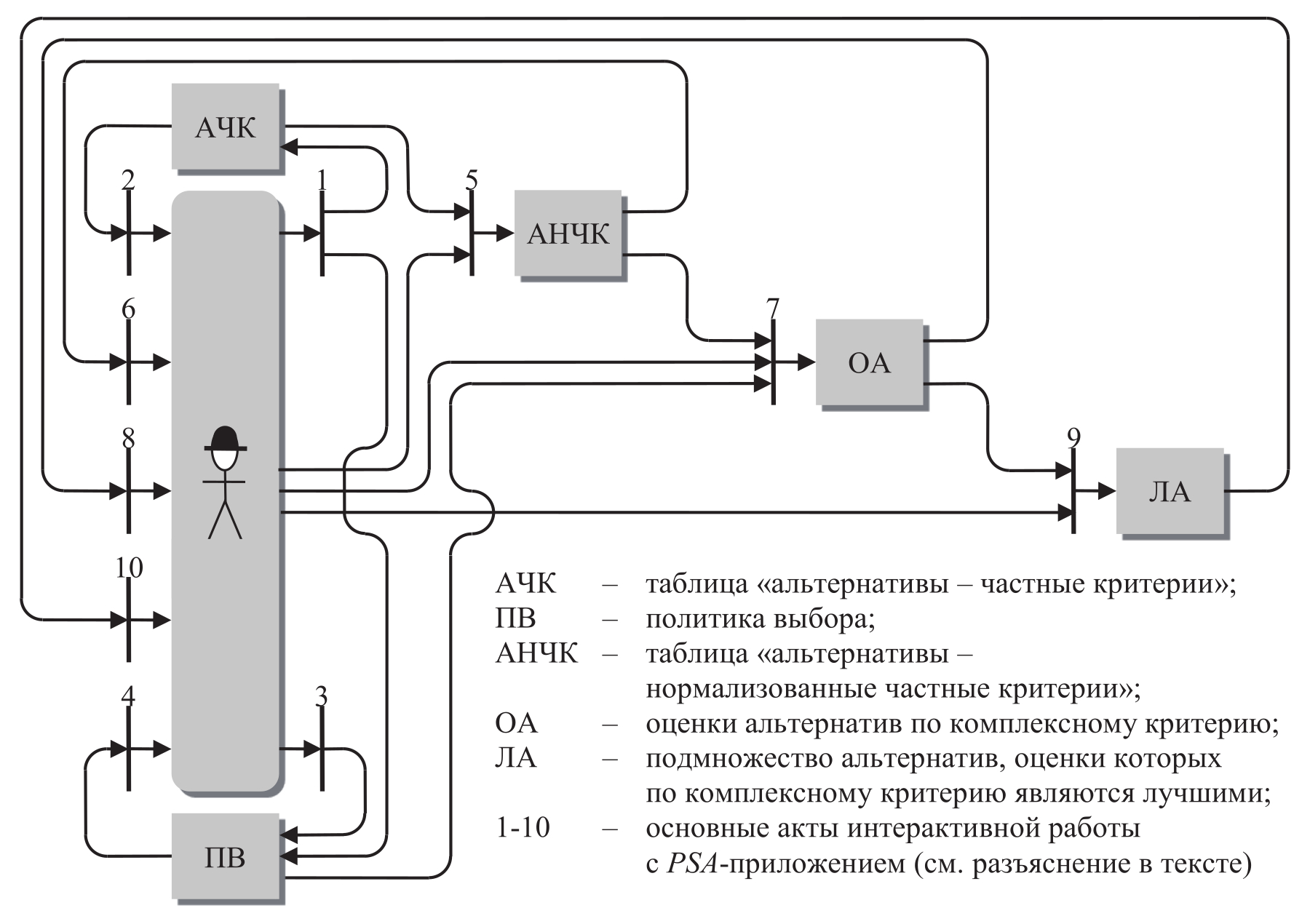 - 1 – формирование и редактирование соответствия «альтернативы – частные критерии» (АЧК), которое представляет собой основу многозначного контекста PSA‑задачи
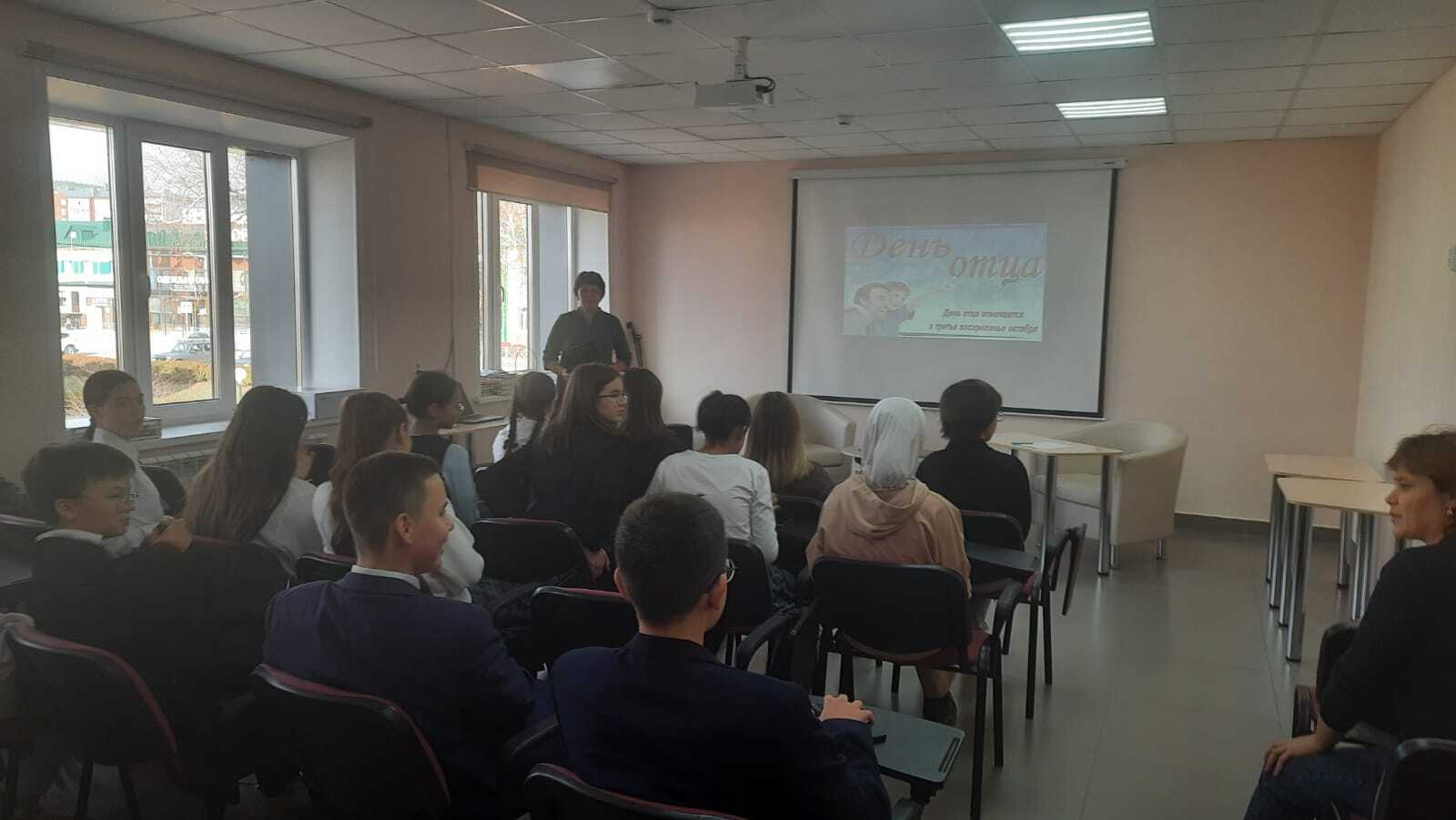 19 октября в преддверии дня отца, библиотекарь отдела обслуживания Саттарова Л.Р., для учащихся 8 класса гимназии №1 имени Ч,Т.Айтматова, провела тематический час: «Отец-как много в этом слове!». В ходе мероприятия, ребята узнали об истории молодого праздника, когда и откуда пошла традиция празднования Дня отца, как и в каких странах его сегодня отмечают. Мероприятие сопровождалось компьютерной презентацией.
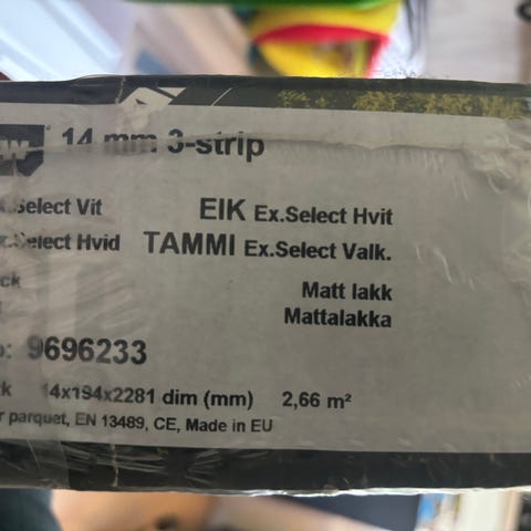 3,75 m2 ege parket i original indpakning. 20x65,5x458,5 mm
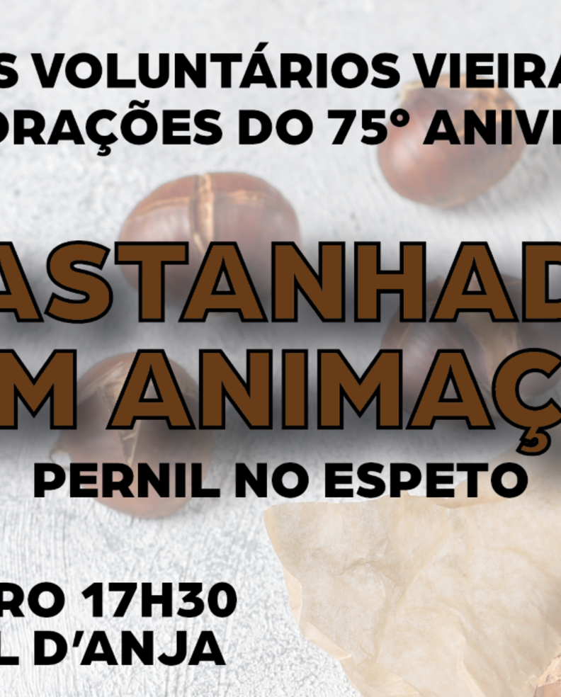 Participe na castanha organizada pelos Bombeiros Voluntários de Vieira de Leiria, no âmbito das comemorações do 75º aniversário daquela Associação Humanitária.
****************************************
Leave every picture out, and reproduce exactly the lines from the line bearing "3,75 m2 ege" through the closing line of the material above.

 3,75 m2 ege parket i original indpakning. 20x65,5x458,5 mm
 Participe na castanha organizada pelos Bombeiros Voluntários de Vieira de Leiria, no âmbito das comemorações do 75º aniversário daquela Associação Humanitária.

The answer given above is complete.